Would you repeat the whole listing exactly, pictures excluded?

__Data shown__.
┌──

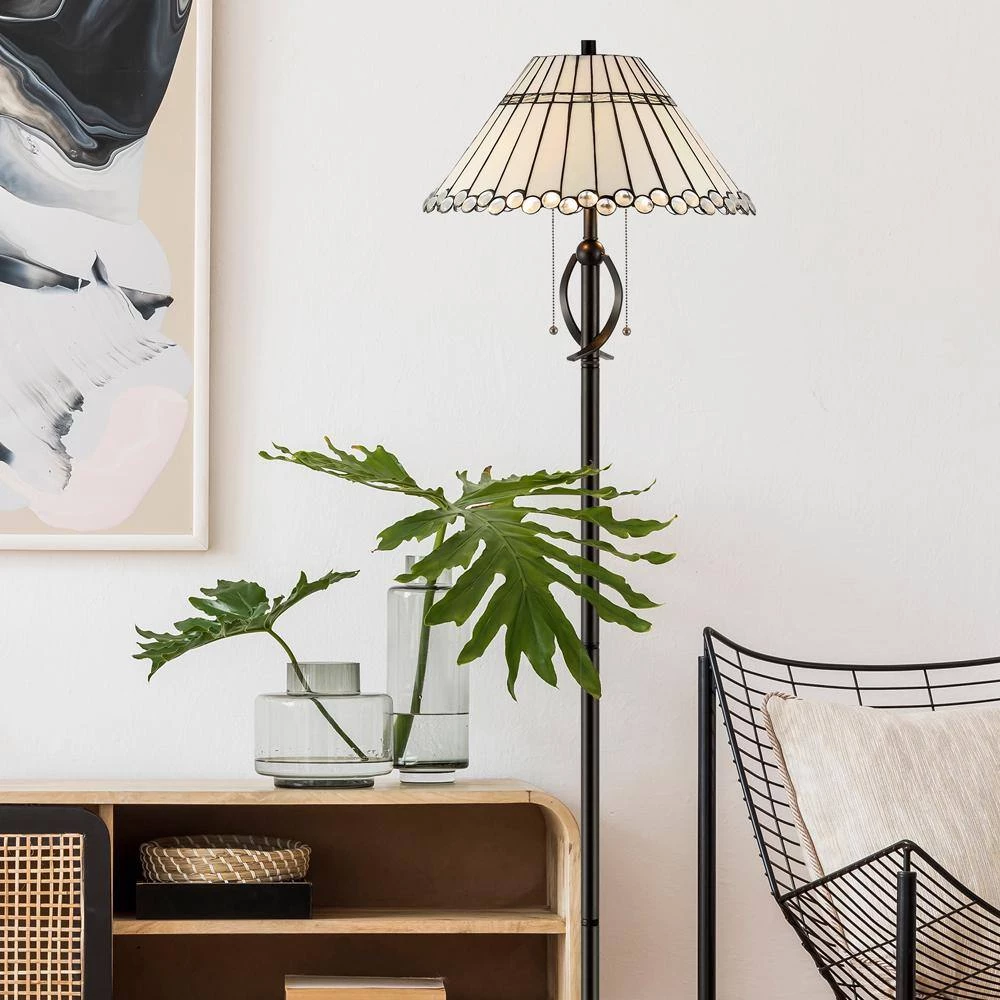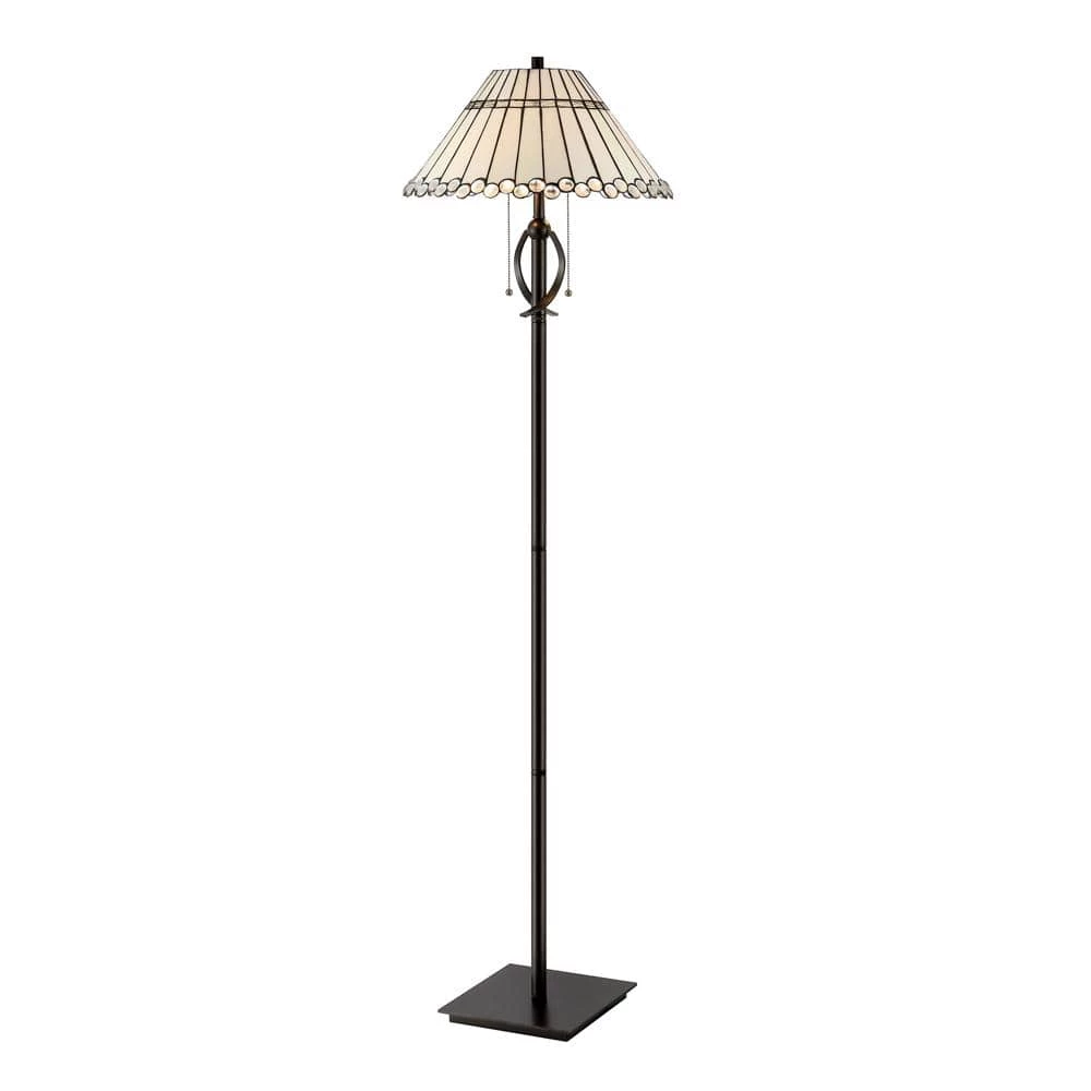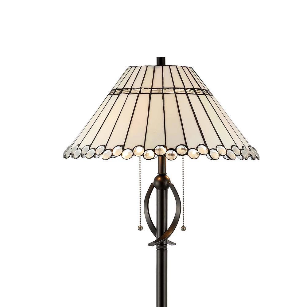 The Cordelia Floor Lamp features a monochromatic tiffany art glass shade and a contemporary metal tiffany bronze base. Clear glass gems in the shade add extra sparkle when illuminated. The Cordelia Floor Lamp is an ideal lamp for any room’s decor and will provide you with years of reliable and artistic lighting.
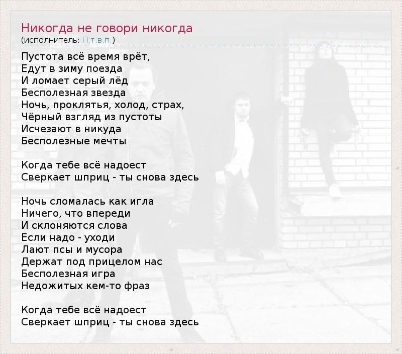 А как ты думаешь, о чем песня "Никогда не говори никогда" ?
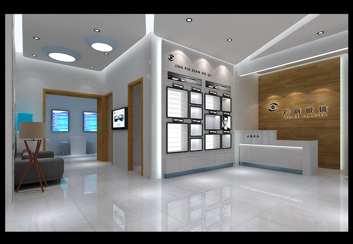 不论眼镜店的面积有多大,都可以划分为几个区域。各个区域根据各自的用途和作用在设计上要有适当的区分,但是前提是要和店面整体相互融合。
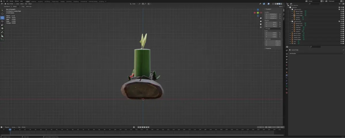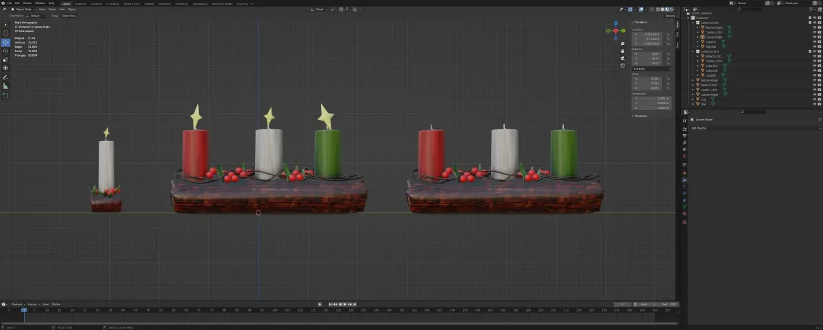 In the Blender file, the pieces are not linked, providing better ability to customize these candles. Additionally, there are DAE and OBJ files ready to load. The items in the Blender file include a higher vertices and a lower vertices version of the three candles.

└──

__Answer space__.
 The Cordelia Floor Lamp features a monochromatic tiffany art glass shade and a contemporary metal tiffany bronze base. Clear glass gems in the shade add extra sparkle when illuminated. The Cordelia Floor Lamp is an ideal lamp for any room’s decor and will provide you with years of reliable and artistic lighting.
 А как ты думаешь, о чем песня "Никогда не говори никогда" ?
 不论眼镜店的面积有多大,都可以划分为几个区域。各个区域根据各自的用途和作用在设计上要有适当的区分,但是前提是要和店面整体相互融合。
 In the Blender file, the pieces are not linked, providing better ability to customize these candles. Additionally, there are DAE and OBJ files ready to load. The items in the Blender file include a higher vertices and a lower vertices version of the three candles.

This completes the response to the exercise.